Leave the pictures behind and repeat all the entries exactly.
======== Entries supplied
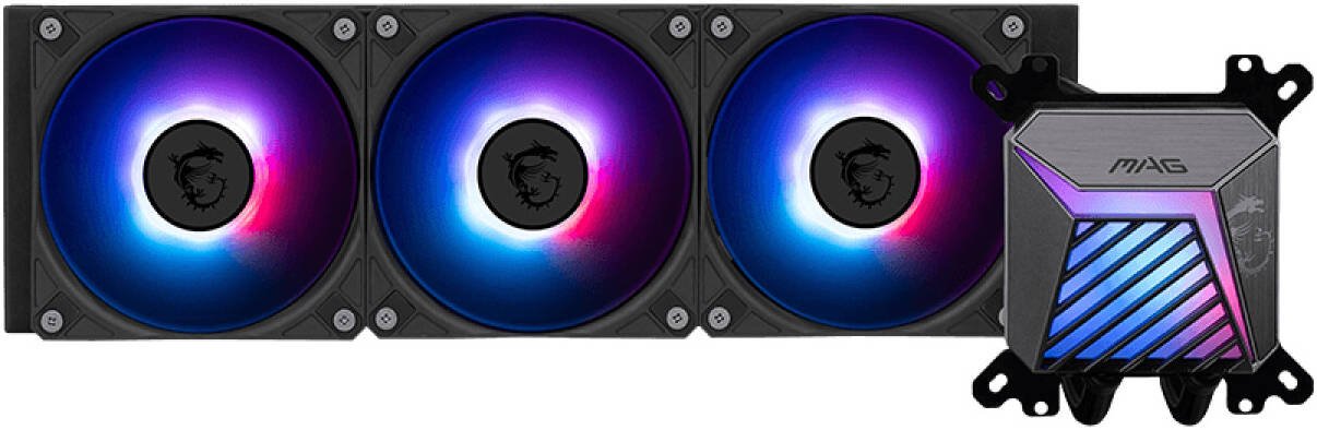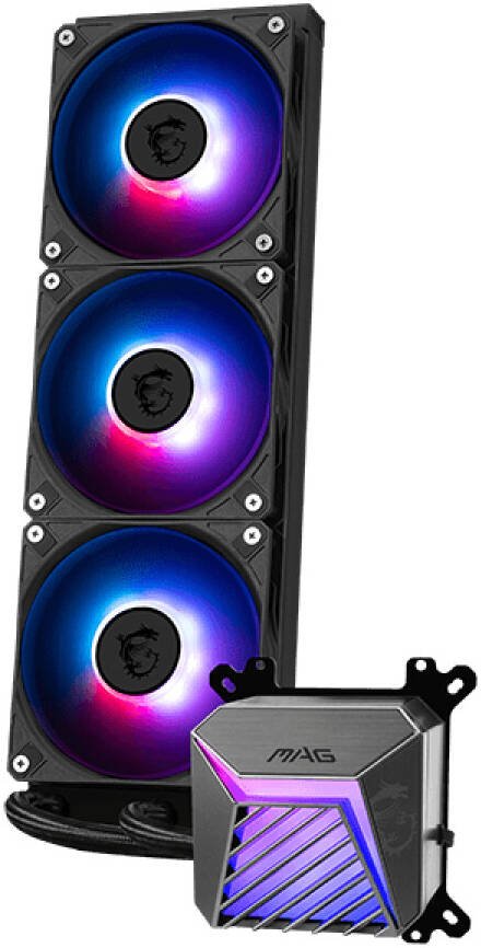MSI MAG CORELIQUID A15 Liquid CPU Cooler, 360mm Radiator, 3x 120mm Pre-installed Fans, 2050 RPM Fan Speed, 64.89 CFM Fan Airflow, Fan Rifle Bearing Type, Black
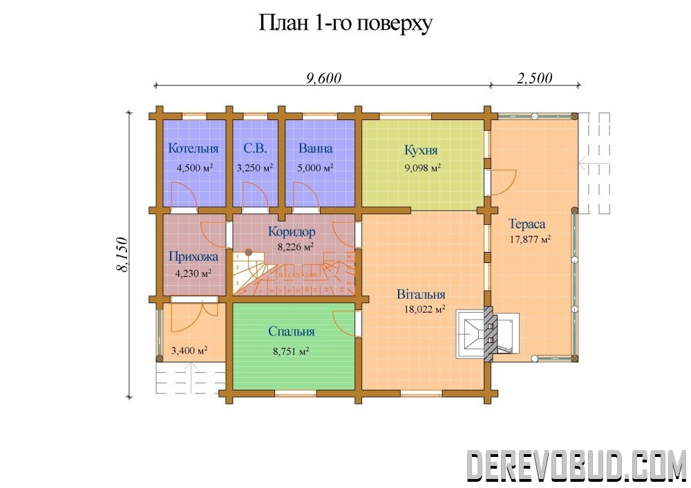 Будинок 135,106 кв.м Оциліндрований брус - 240 мм. 9,6 х 8,15 м 82,354 м2 - 1 поверх 52,752 м2 - 2 поверх 135,106 м2 загальна площа
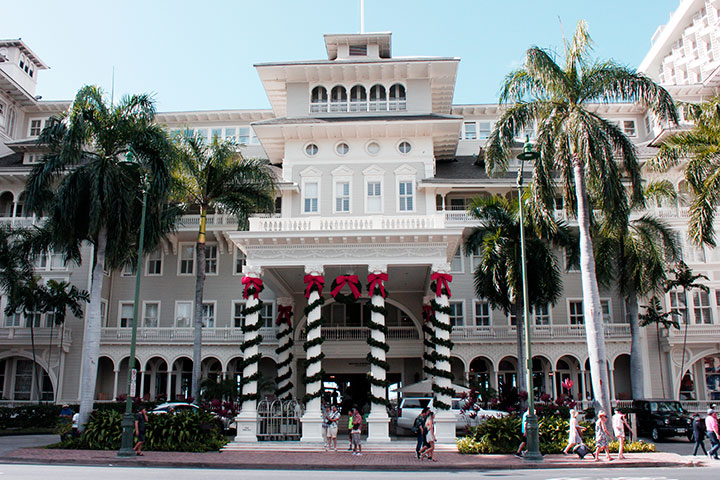 各ホテルでも豪華なクリスマスツリーやイルミネーションが施され、見応えたっぷり!中でも“ワイキキのファーストレディ”の愛称で知られる白亜のホテル、モアナ・サーフライダーのクリスマス装飾は、宿泊客はもちろん、通りすがりの観光客の目も楽しませてくれます。
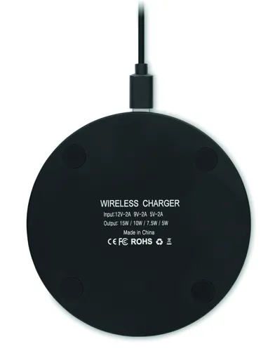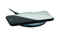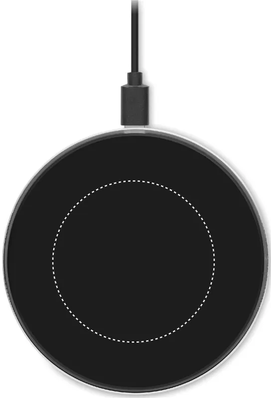 10 W alumínium vezeték nélküli töltő, üveglappal a tetején. Csatlakoztassa a készüléket számítógépéhez, és fektesse rá telefonját a töltéshez. Kék fény töltés közben. Teljesítmény: DC 9V/1.1A.
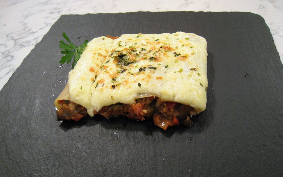 Para el pisto, picar y comenzar a rehogar, en una sartén con aceite de oliva virgen extra, la cebolla, los ajos, el pimiento, el calabacín y la berenjena. Añadir los tomates troceados, salpimentar y dejar cocinar. Mientras tanto, sumergir las placas de pasta en agua caliente para que se hidraten. Sacar la pasta del agua, extenderla sobre un paño limpio de cocina y secarla. Disponer un poco de pisto frío sobre cada placa, enrollar dándole la forma característica de rulo de canelón y colocarlos sobre una fuente engrasada. Para la bechamel, verter 1/3 de vaso de virgen extra en una sartén y llevar al fuego. Incorporar 3 cucharadas colmadas de harina, mezclar con la varilla y, cuando tengamos una masa homogénea, agregar la leche, poco a poco, hasta obtener la textura de crema ligera. Salpimentar, extender sobre los canelones, rallar abundante queso por encima, espolvorear con orégano y llevar al horno, precalentado a 210ºC., hasta que el queso gratine.
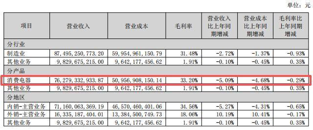 分产品来看,占营收比例最大、覆盖家用空调销售的消费电器业务增长乏力,该板块上半年营收762.8亿元,同比下滑5.09%,毛利率下降0.29%至33.20%。
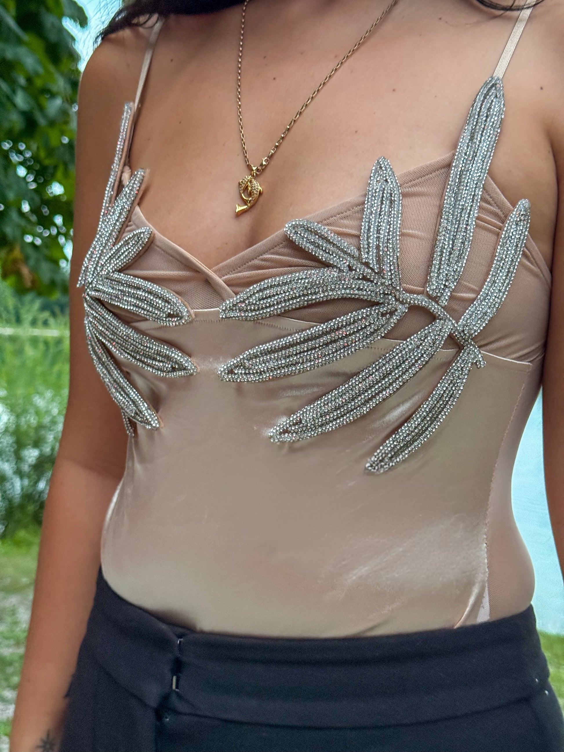 Ein glamouröser Hingucker mit aufwendiger Strass-Stickerei – perfekt für laue Nächte, Aperitivo-Momente und elegante Sommerabende.
================
= Reply =
MSI MAG CORELIQUID A15 Liquid CPU Cooler, 360mm Radiator, 3x 120mm Pre-installed Fans, 2050 RPM Fan Speed, 64.89 CFM Fan Airflow, Fan Rifle Bearing Type, Black
 Будинок 135,106 кв.м Оциліндрований брус - 240 мм. 9,6 х 8,15 м 82,354 м2 - 1 поверх 52,752 м2 - 2 поверх 135,106 м2 загальна площа
 各ホテルでも豪華なクリスマスツリーやイルミネーションが施され、見応えたっぷり!中でも“ワイキキのファーストレディ”の愛称で知られる白亜のホテル、モアナ・サーフライダーのクリスマス装飾は、宿泊客はもちろん、通りすがりの観光客の目も楽しませてくれます。
 10 W alumínium vezeték nélküli töltő, üveglappal a tetején. Csatlakoztassa a készüléket számítógépéhez, és fektesse rá telefonját a töltéshez. Kék fény töltés közben. Teljesítmény: DC 9V/1.1A.
 Para el pisto, picar y comenzar a rehogar, en una sartén con aceite de oliva virgen extra, la cebolla, los ajos, el pimiento, el calabacín y la berenjena. Añadir los tomates troceados, salpimentar y dejar cocinar. Mientras tanto, sumergir las placas de pasta en agua caliente para que se hidraten. Sacar la pasta del agua, extenderla sobre un paño limpio de cocina y secarla. Disponer un poco de pisto frío sobre cada placa, enrollar dándole la forma característica de rulo de canelón y colocarlos sobre una fuente engrasada. Para la bechamel, verter 1/3 de vaso de virgen extra en una sartén y llevar al fuego. Incorporar 3 cucharadas colmadas de harina, mezclar con la varilla y, cuando tengamos una masa homogénea, agregar la leche, poco a poco, hasta obtener la textura de crema ligera. Salpimentar, extender sobre los canelones, rallar abundante queso por encima, espolvorear con orégano y llevar al horno, precalentado a 210ºC., hasta que el queso gratine.
 分产品来看,占营收比例最大、覆盖家用空调销售的消费电器业务增长乏力,该板块上半年营收762.8亿元,同比下滑5.09%,毛利率下降0.29%至33.20%。
 Ein glamouröser Hingucker mit aufwendiger Strass-Stickerei – perfekt für laue Nächte, Aperitivo-Momente und elegante Sommerabende.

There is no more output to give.